> [WHAT IS BEING ASKED] When you return the material, keep every line exactly as it is and omit the pictures.

> [THE DATA]
•••
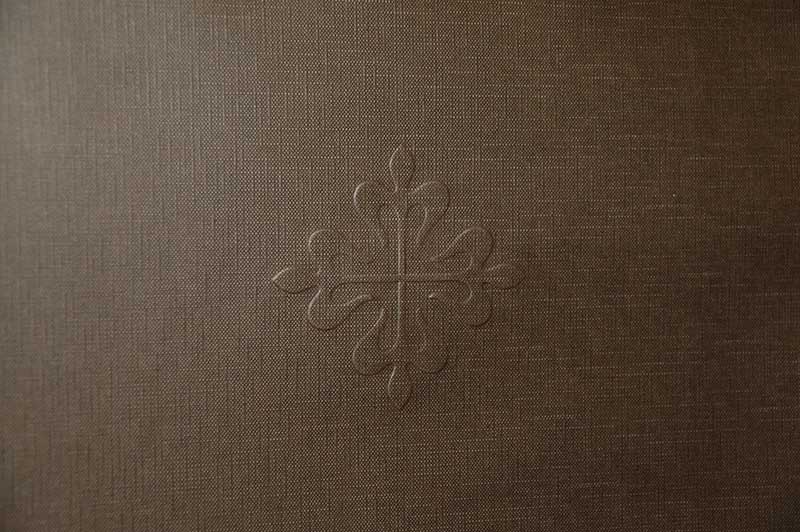 とてもクラシカルなデザインのロゴマークが 上品に浮き出し処理されています。
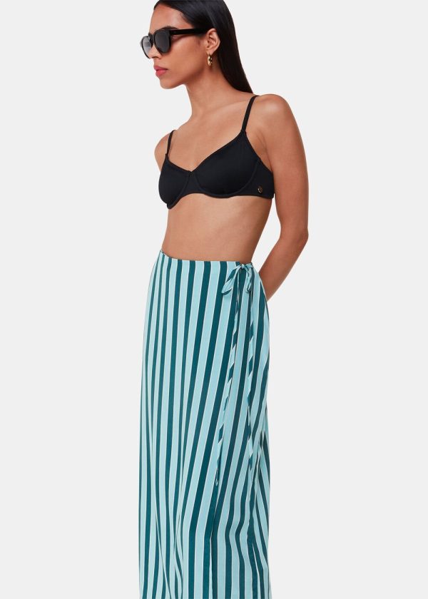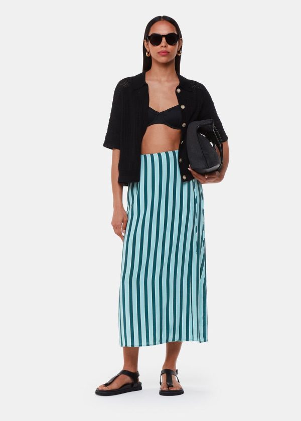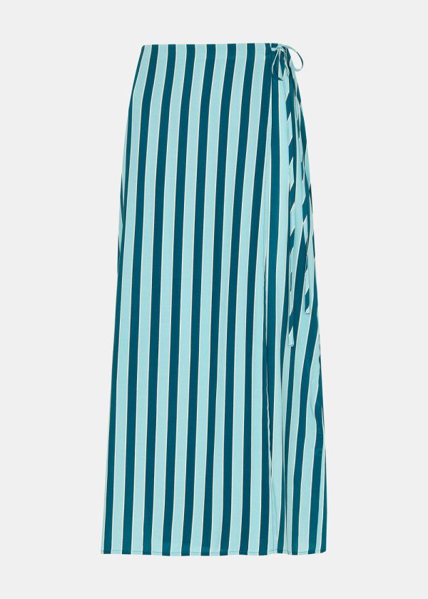 Elevate your summer wardrobe with this beautifully fitted midi skirt featuring a striking tonal stripe pattern that commands attention. The elegant wrap design with adjustable tie waist creates a flattering silhouette that moves with you. Complete your look by pairing it with our matching top for a perfectly coordinated ensemble.
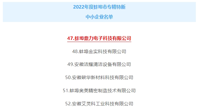 為積極響應(yīng)《蚌埠市智能工廠/數(shù)字化車間認(rèn)定管理辦法》《蚌埠市重大技術(shù)裝備首臺(tái)(套)認(rèn)定管理辦法》《蚌埠市工業(yè)設(shè)計(jì)中心認(rèn)定管理辦法》《蚌埠市綠色工廠評(píng)價(jià)管理暫行辦法》《蚌埠市服務(wù)型制造示范企業(yè)認(rèn)定管理辦法(試行)》等文件規(guī)定,經(jīng)我司積極申報(bào)申報(bào),縣區(qū)初審?fù)扑],相關(guān)部門審核,專家評(píng)審,征求意見以及公示等環(huán)節(jié)市經(jīng)濟(jì)和信息化局研究確定,蚌埠鼎力電子科技有限公司被認(rèn)定為2022年度蚌埠市“專精特新”中小企業(yè)。
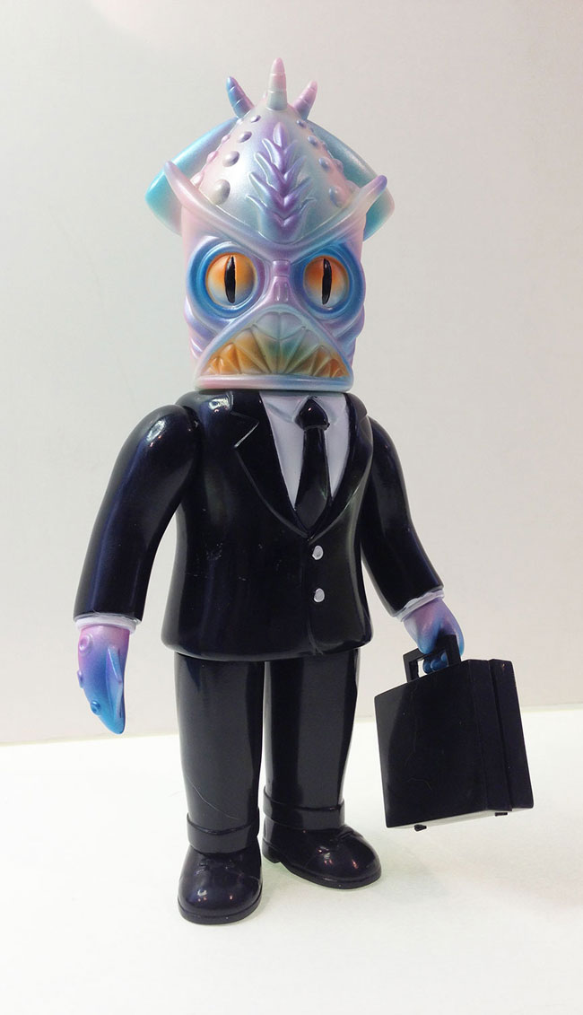 Questa sorta di kaiju incravattato è alto 21 cm ed è dipinto a mano. Nella confezione è inclusa una card numerata e firmata dall’artista americano.
•••
> [ANSWER TO THIS TASK]
 とてもクラシカルなデザインのロゴマークが 上品に浮き出し処理されています。
 Elevate your summer wardrobe with this beautifully fitted midi skirt featuring a striking tonal stripe pattern that commands attention. The elegant wrap design with adjustable tie waist creates a flattering silhouette that moves with you. Complete your look by pairing it with our matching top for a perfectly coordinated ensemble.
 為積極響應(yīng)《蚌埠市智能工廠/數(shù)字化車間認(rèn)定管理辦法》《蚌埠市重大技術(shù)裝備首臺(tái)(套)認(rèn)定管理辦法》《蚌埠市工業(yè)設(shè)計(jì)中心認(rèn)定管理辦法》《蚌埠市綠色工廠評(píng)價(jià)管理暫行辦法》《蚌埠市服務(wù)型制造示范企業(yè)認(rèn)定管理辦法(試行)》等文件規(guī)定,經(jīng)我司積極申報(bào)申報(bào),縣區(qū)初審?fù)扑],相關(guān)部門審核,專家評(píng)審,征求意見以及公示等環(huán)節(jié)市經(jīng)濟(jì)和信息化局研究確定,蚌埠鼎力電子科技有限公司被認(rèn)定為2022年度蚌埠市“專精特新”中小企業(yè)。
 Questa sorta di kaiju incravattato è alto 21 cm ed è dipinto a mano. Nella confezione è inclusa una card numerata e firmata dall’artista americano.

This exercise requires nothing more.